The day before this online press conference, the U.S. Senate passed a bill with an aid package to Ukraine that House Speaker Mike Johnson (R-La.) has suggested will not come before the House for a vote.
Archbishop Shevchuk said what is happening in his country is genocide, noting that people are being killed simply because they are Ukrainian and that the Russian state has decided to “eliminate the existence of a whole nation.”
He said it is “important to condemn war crimes” that are going on, warning that if they go unnoticed, they could be replicated around the world.
The archbishop decried the deaths and injuries of many children and the tragedy that numerous Ukrainian children have been deported to Russia and been separated from their families.
Amid these horrors of war, he said, the Church, which wants to provide pastoral care, is prevented from doing so in the most devastated regions of the country where the presence of the Church is prohibited. In Eastern Ukraine, he said, there are no priests and people cannot even go into churches because the doors are sealed shut.
Archbishop Kulbokas said that those who have visited Ukraine recently are often “unable to speak” when they return to their homes because they are “so traumatized by what they have seen.”

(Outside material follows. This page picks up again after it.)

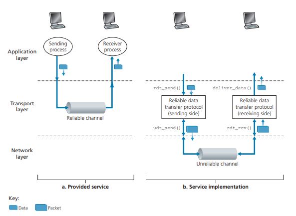 이러한 서비스 추상화를 구현하는 것이 신뢰적인 데이터 전송 프로토콜(reliable data transfer protocol)의 의무다. 이 작업은 신뢰적인 전송 프로토콜의 '아래에 있는' 계층이 신뢰적이지 않을 수 있어서 어려워진다.

He also said he remembers daily in his prayers the Ukrainian Greek Catholic priests who have been kept in captivity since the war began.
When asked by reporters about the greatest needs in the region, the Church leaders said the main priorities continue to be food and housing.
Other needs are more long term and involve the Church’s response to “war trauma,” helping those devastated by the war to find hope.
The nuncio said being close to people in the region and serving them “is the most important work we can do.”
“We are all asking the Lord, and asking the people, to bring back peace,” he said.